#### [WORK ORDER]
Where a record contains a picture, omit it; otherwise reproduce the listing exactly.

#### [AVAILABLE DATA]
________________________

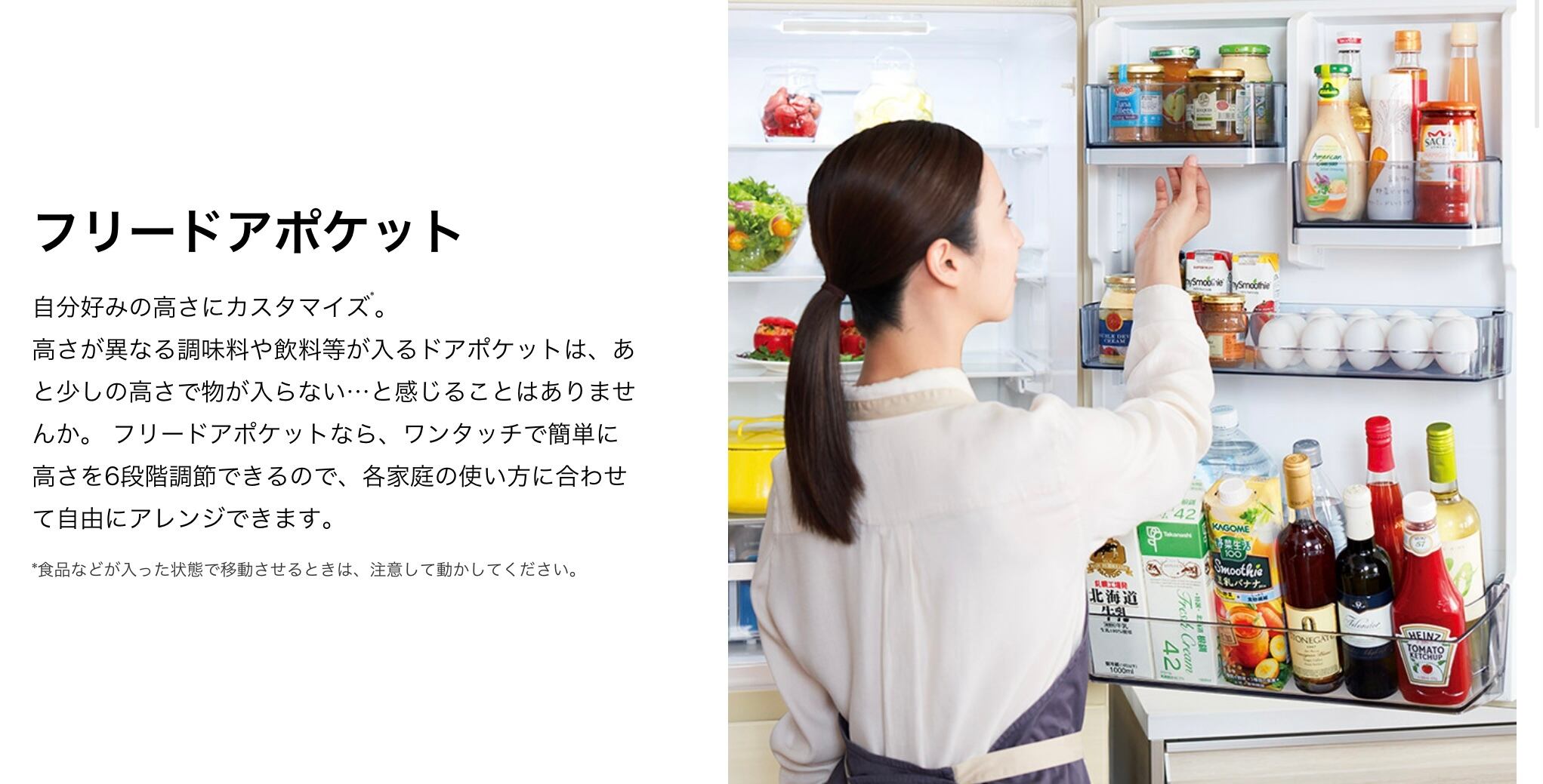 入れるもののサイズに合わせて高さを変えられるから、背が高い物をしっかり収納。小瓶やチューブもスッキリ収納し、スペースを無駄なく使うことができます。ドアポケット位置のバリエーションは、72通り。
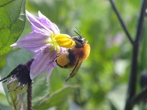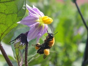 畑にて、、汗だくになっての農作業の手を休め、マルハナバチが花の蜜を吸う姿を観察しました。
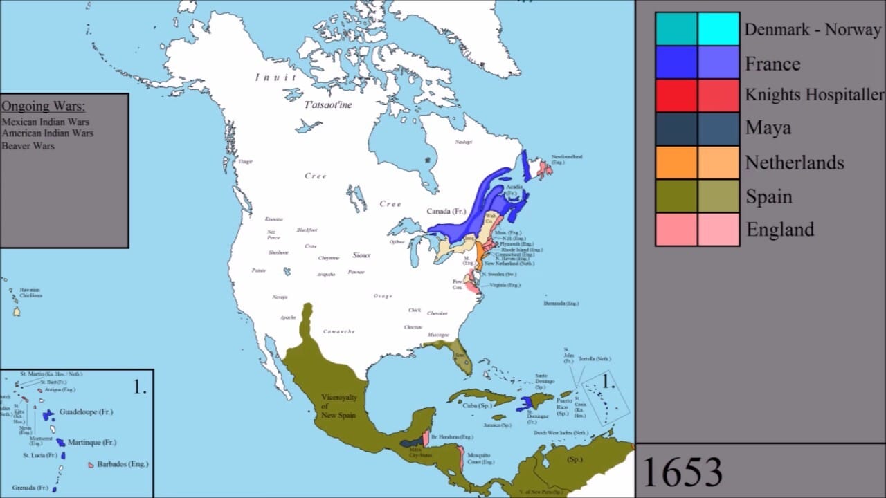 Map of North American History Every Year 1500 BC to 2000 AD
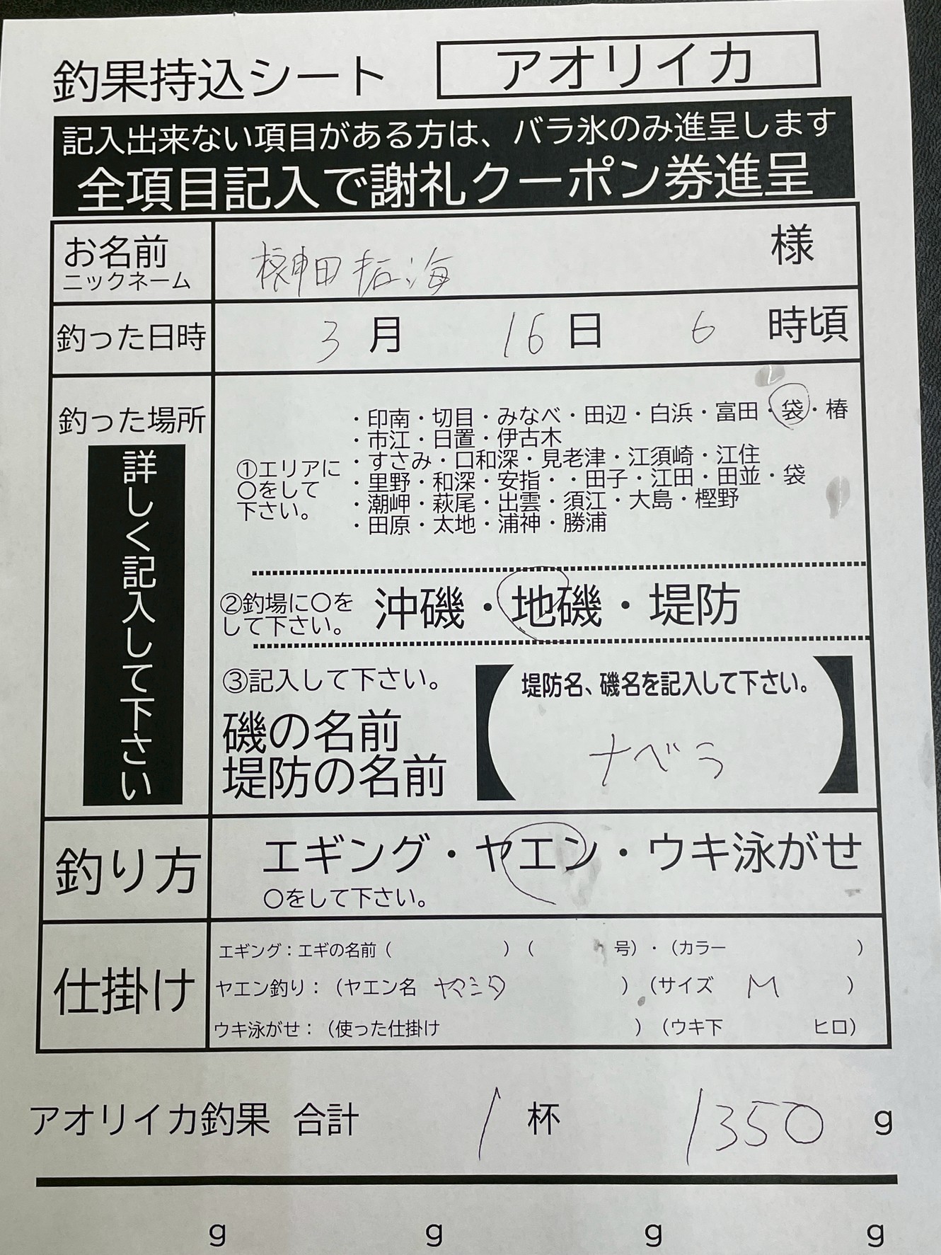 3/16 白浜町袋地磯でアオリイカ ヤエン釣り
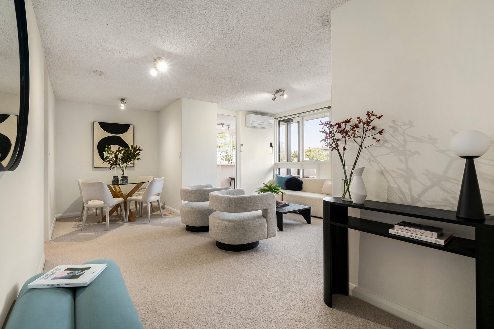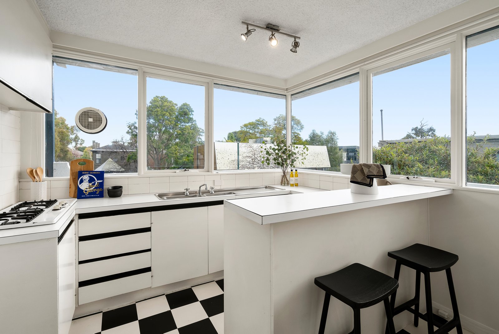 Directly opposite Orrong Park and framing vistas across its verdant expanses, this impressively large and light-filled, two bedroom apartment is a brilliant example of post-modern, mid-century chic, in a dream location just metres from High Street and surrounded by city-bound transport options. Securely set on the second floor, with huge light-letting windows and a generous balcony, the apartment feels like a treetop hideaway in one of the area’s more iconic buildings.
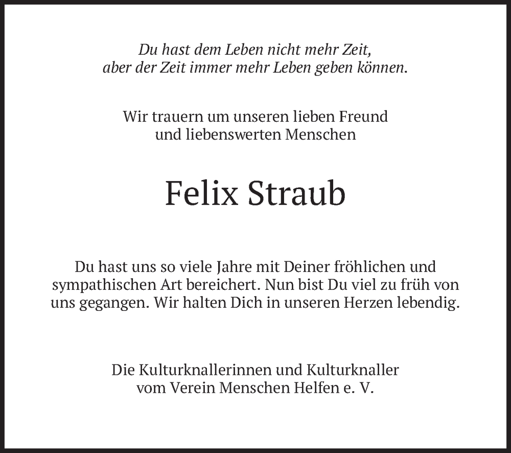 Hier finden Sie alle Traueranzeigen aus der Zeitung, die bisher für Felix Straub erschienen sind. Weitere Traueranzeigen, die in der Zeitung erscheinen, werden hier ebenfalls aufgelistet
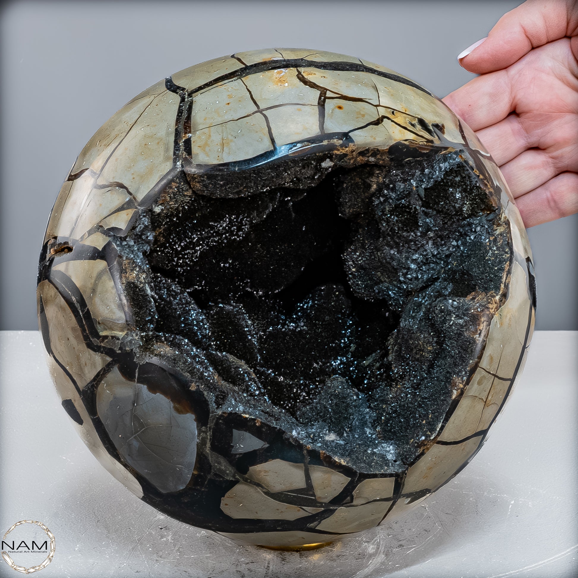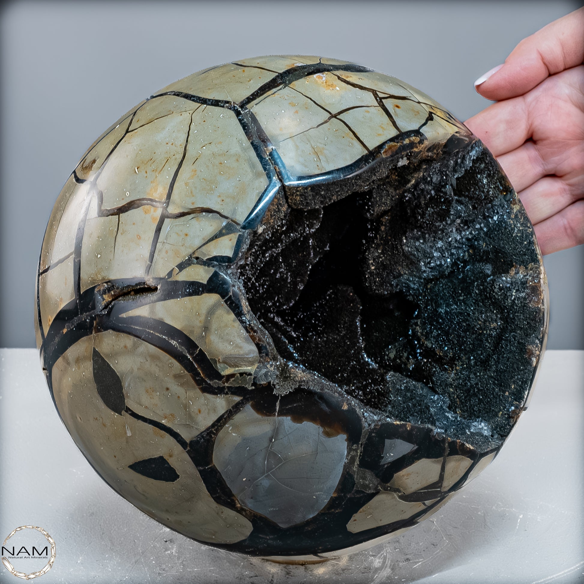 Natürliche Septarien Druse-Kugel mit Calzit Kristallen - 8026,93 g
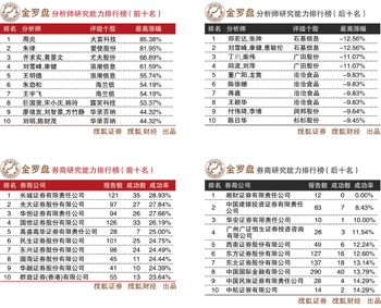 金羅盤5月券商研究能力排行榜顯示,該月位列榜單前十的券商,薦股成功率集中在23%至28%。這一成績只能勉強(qiáng)進(jìn)入4月券商能力排行榜后十名的位置。
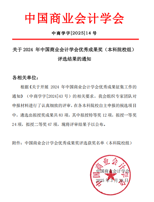 近日,中国商业会计学会公布2024年优秀成果奖评选结果,亚博体育

________________________

#### [OUTPUT OF THE TASK]
 入れるもののサイズに合わせて高さを変えられるから、背が高い物をしっかり収納。小瓶やチューブもスッキリ収納し、スペースを無駄なく使うことができます。ドアポケット位置のバリエーションは、72通り。
 畑にて、、汗だくになっての農作業の手を休め、マルハナバチが花の蜜を吸う姿を観察しました。
 Map of North American History Every Year 1500 BC to 2000 AD
 3/16 白浜町袋地磯でアオリイカ ヤエン釣り
 Directly opposite Orrong Park and framing vistas across its verdant expanses, this impressively large and light-filled, two bedroom apartment is a brilliant example of post-modern, mid-century chic, in a dream location just metres from High Street and surrounded by city-bound transport options. Securely set on the second floor, with huge light-letting windows and a generous balcony, the apartment feels like a treetop hideaway in one of the area’s more iconic buildings.
 Hier finden Sie alle Traueranzeigen aus der Zeitung, die bisher für Felix Straub erschienen sind. Weitere Traueranzeigen, die in der Zeitung erscheinen, werden hier ebenfalls aufgelistet
 Natürliche Septarien Druse-Kugel mit Calzit Kristallen - 8026,93 g
 金羅盤5月券商研究能力排行榜顯示,該月位列榜單前十的券商,薦股成功率集中在23%至28%。這一成績只能勉強(qiáng)進(jìn)入4月券商能力排行榜后十名的位置。
 近日,中国商业会计学会公布2024年优秀成果奖评选结果,亚博体育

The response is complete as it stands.